- _Provided data_

------------------------------------------------

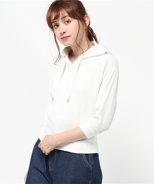 5分袖×クロップド丈でスッキリと着こなせるラグランパーカー。 光沢テープを使用したフード紐が大人っぽく、凹凸のあるサーマル生地は肌触りも優しく快適に着こなせるのもポイント。 定番色の展開で着回しの利くシンプルなアイテムは、ワイドパンツやロングスカートなどのボリュームボトムとのコーデがおすすめ。
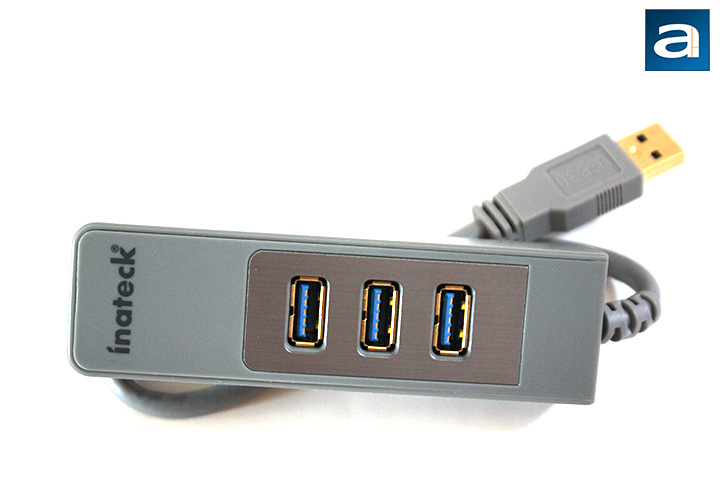 Most USB hubs come in two different load styles; the side load style, and the top load style. Older USB hubs have favored the side load style, but more recently, manufacturers began leaning towards a top load style. The Inateck HB4009 features a top load style, but what is better comes down to personal preference. All three of the USB ports are USB 3.0 compliant. Unlike many USB hubs I have seen in the past, the HB4009 features USB ports that are spaced out evenly for USB flash drives with larger swivel covers, which is a very nice touch. All of the female USB connector on the unit including the Magic-Port are gold-plated. However, as we have mentioned in many other reviews here at APH Networks, gold-plated USB connectors are nice to have, and it is pretty to look at, but it does not really do anything practically or electrically.
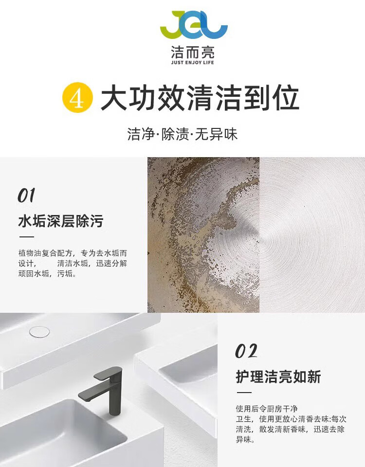 “潔而亮(潔而亮)”JEL-015 去污乳 單瓶裝(檸檬香型700g油污清洗劑廚房油污清潔衛(wèi)浴瓷磚地板不銹鋼清洗乳)

------------------------------------------------

- _What is required_
The whole listing above needs to be copied exactly; please keep the pictures out.

- _Solution_
 5分袖×クロップド丈でスッキリと着こなせるラグランパーカー。 光沢テープを使用したフード紐が大人っぽく、凹凸のあるサーマル生地は肌触りも優しく快適に着こなせるのもポイント。 定番色の展開で着回しの利くシンプルなアイテムは、ワイドパンツやロングスカートなどのボリュームボトムとのコーデがおすすめ。
 Most USB hubs come in two different load styles; the side load style, and the top load style. Older USB hubs have favored the side load style, but more recently, manufacturers began leaning towards a top load style. The Inateck HB4009 features a top load style, but what is better comes down to personal preference. All three of the USB ports are USB 3.0 compliant. Unlike many USB hubs I have seen in the past, the HB4009 features USB ports that are spaced out evenly for USB flash drives with larger swivel covers, which is a very nice touch. All of the female USB connector on the unit including the Magic-Port are gold-plated. However, as we have mentioned in many other reviews here at APH Networks, gold-plated USB connectors are nice to have, and it is pretty to look at, but it does not really do anything practically or electrically.
 “潔而亮(潔而亮)”JEL-015 去污乳 單瓶裝(檸檬香型700g油污清洗劑廚房油污清潔衛(wèi)浴瓷磚地板不銹鋼清洗乳)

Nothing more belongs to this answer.